# Lucid Dreaming > Attaining Lucidity > Wake Initiated Lucid Dreams (WILD) >  >  Breathing lightly causes floating feeling?

## Puffin

What the title says, basically.
Sometimes when I'm relaxing in order to enter SP, my breathing becomes almost non-existent, and then I feel almost like I'm floating. But then I start to feel like I'm not getting enough oxygen, so I breathe in more and the feeling goes away. It's not a hallucination, it's just a fairly mild floating feeling, in my head and stomach.

Anyone else get this?

----------


## Nikkonic

yes i've had that feeling before, sometimes it's also accompanied with a sensation that i describe as having warm water flowing over my head but not getting wet, and sometimes i notice that i've been forgetting to breath entirely, then i panic, ever had anything similar to those?

----------


## Puffin

Sometimes, maybe once every few months, I even choke because I forget to breathe and my throat relaxes so much (it never happens otherwise, though).  :tongue2: 

I have gotten that warm water feeling before.

----------


## Nikkonic

its a cool sensation i just wish i could remember to breath or transition quicker lol

----------


## Snowboy

Have you thought to just ignore it and let your body handle the breathing?

Have you succeeded in a WILD yet? Just wondering...

----------


## Puffin

> Have you thought to just ignore it and let your body handle the breathing?
> 
> Have you succeeded in a WILD yet? Just wondering...

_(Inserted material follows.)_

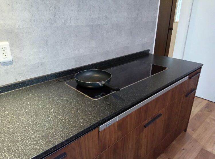 こちらのコンロなんと横並びの4口タイプ!!ってすごくないですか?お目にかかったことが無かったのでびっくりしてしまいました。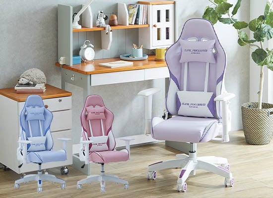 ティーンや女性ユーザー、小柄な体格の方向けに低座面にサイズ設定。明るいインテリアでも違和感なくなじむ、爽やかなパステルカラーのゲーミングチェアです。ラベンダーパープル、アクアブルー、ロゼピンクの3色展開。

Well, I end up getting those feelings when I 100% ignore it.
And yes, I've had a few WILDs before.

----------


## mikeac

I get this too.  It gives me a headache, but I continue to breathe lightly, otherwise I wake up.

----------


## Dpiiiius

Thats just you stopping breathing i'm pretty sure. That happens to me as well and I quickly panic and gasp for air because i actually stop breathing completely :0

----------


## McMini

It happens to me too, but it doesn't seems to help me WILD, though.

----------